The rich will stay rich, the poor will stay poor, the marquee free agents still will financially set every branch of their family tree up for life, and the pitch clock will stay unplugged in the closet.

The New York Yankees, who might be the biggest winners in the new agreement, vowed Thursday to restrain themselves, at least until the 2018 free agent class when they try to sign everyone from Bryce Harper to Manny Machado. The Los Angeles Dodgers, thanks to severe luxury tax penalties, will still spend like the Dodgers, shopping at Walmart instead of Neiman-Marcus.

And the Oakland Athletics, with no more subsidies from their rich neighbors, will be even more broke, watching their best players win World Series and MVP awards for other teams.

It will take time, of course, to fully digest baseball's new CBA, with the owners expected to vote on it Dec.13. But after listening to grumblings by agents, players and owners, it sure looks like an ideal agreement.

Here's a look at the winners and losers of baseball's new labor agreement -- guaranteeing an unprecedented streak of 26 consecutive years of labor peace.

Winner: The Yankees. Sitting in the country's No.1 market as America's marquee team, they no longer are required to pay a multiplier in revenue sharing, where they paid an extra 15% more than other teams. Oh, and as a bonus, they can fully deduct expenses from their new ballpark from the revenue-sharing bill. All in all, one Yankees official revealed, it could be an annual savings of $15 million to $20 million.

Loser: The Dodgers. If they don't slash their payroll by the 2018 season, they can be hit with a tax rate of 92% -- 50% for being a repeat violator and a 42% surtax for being at least $40million over the threshold, which starts at $195million next year. You're talking about a potential tax bill of about $70million.

Loser: The Athletics. They not only are stuck playing in a dump, but now they don't have anyone to pay their mortgage. The A's, who had been receiving about $34million in revenue sharing, now won't get a dime within three years since they reside in one of baseball's biggest marketplaces.

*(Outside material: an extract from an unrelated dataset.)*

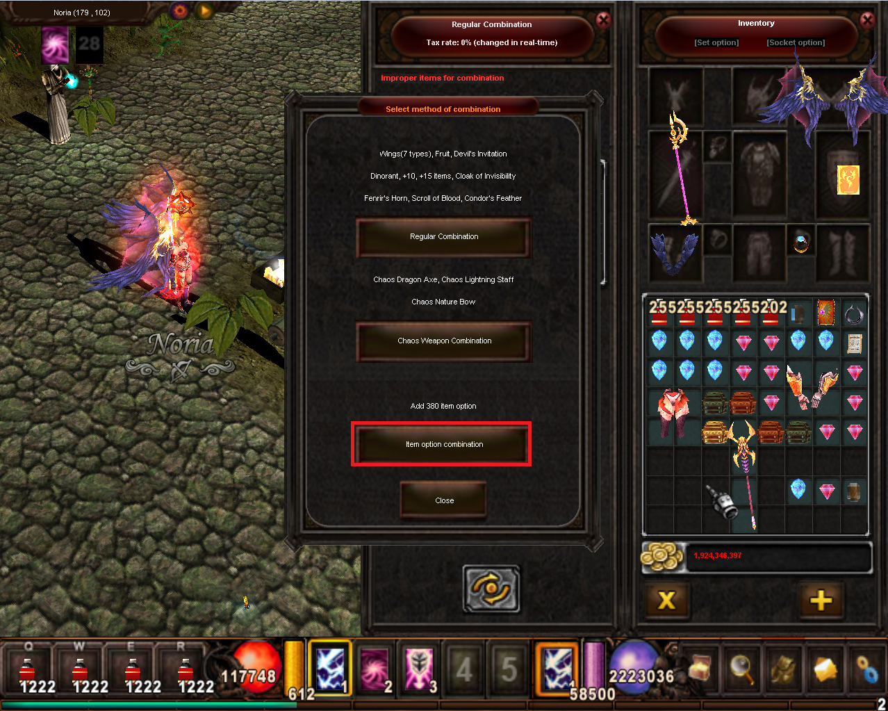 Teď zpět k vylepšování přidání optionu je nutné navštívit NPC Chaos Goblin a zvolit možnost „add 380 item option“ následně přidat:

Winners: Chicago Cubs right-hander Jake Arrieta and every other marquee free agent in the Class of 2017. Teams no longer are required to surrender a first-round pick to sign free agents and can't lose more than second- and fifth-round picks, even if already over the luxury tax. Kansas City Royals stars Eric Hosmer, Mike Moustakas and Lorenzo Cain quickly will learn how much money is out there for their services for free agency after 2018.

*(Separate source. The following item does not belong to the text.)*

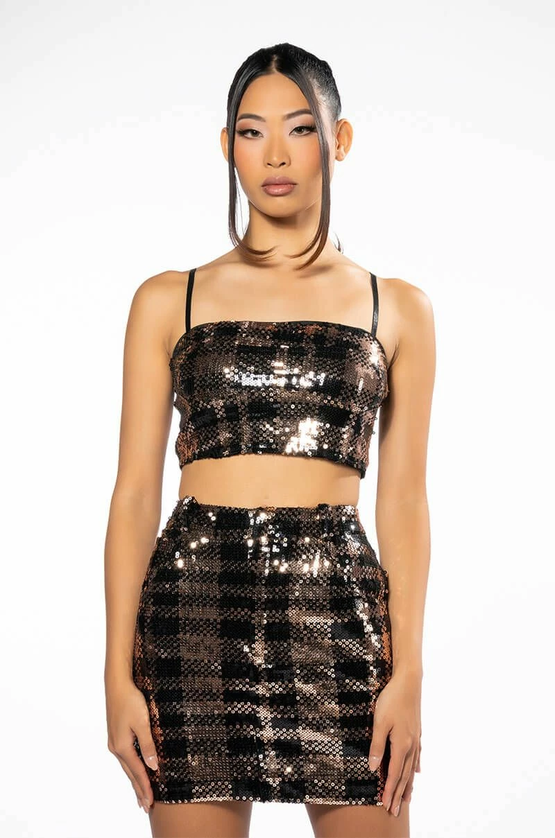 The AKIRA Label Bronze Queen Sequin Bralette is a glamorous piece featuring a polyester base, all-over sequin detailing, plaid print patterning, and slim adjustable tank straps. Complete with a bandeau-like cropped cut, an exposed back zipper closure, and a smooth inner lining. Pair this piece with the coordinating AKIRA Label Bronze Queen Sequin Mini Skirt and Blazer.

Loser: Jose Bautista, along with perhaps Mark Trumbo, Ian Desmond and others who rejected the $17.2million qualifying offer. The CBA came along a year too late for them. Why surrender a first-round pick for these guys now when you can wait a year and not sacrifice any? Players no longer can be subjected to qualifying offers more than once in the new CBA -- a stipulation that came a year too late for Desmond. So do these players take a one-year deal now and hit the market again?

Winner: Japan. The Japanese leagues not only can hang on to their stars until they're 25, but they get rich themselves in posting fees. They also might have a nice influx of young talent. Considering young Latin American amateurs no longer can receive contracts in excess of about $5million, several agents predict an exodus to Japan, where they can hone their crafts and get that huge payday after proving themselves there.

Loser: Shohei Otani, Japan's version of Babe Ruth with his 1.86 ERA and 22 homers. He tentatively was planning to leave Japan and come to the USA after next season. But with international rules requiring professional players to be at least 25 if they want unrestricted free agency, he will now wait until 2019, when he can hit a $200million jackpot rather than be limited to a $6million bonus. It's possible the rule could be tweaked for Otani with a new posting deal, but it's unlikely.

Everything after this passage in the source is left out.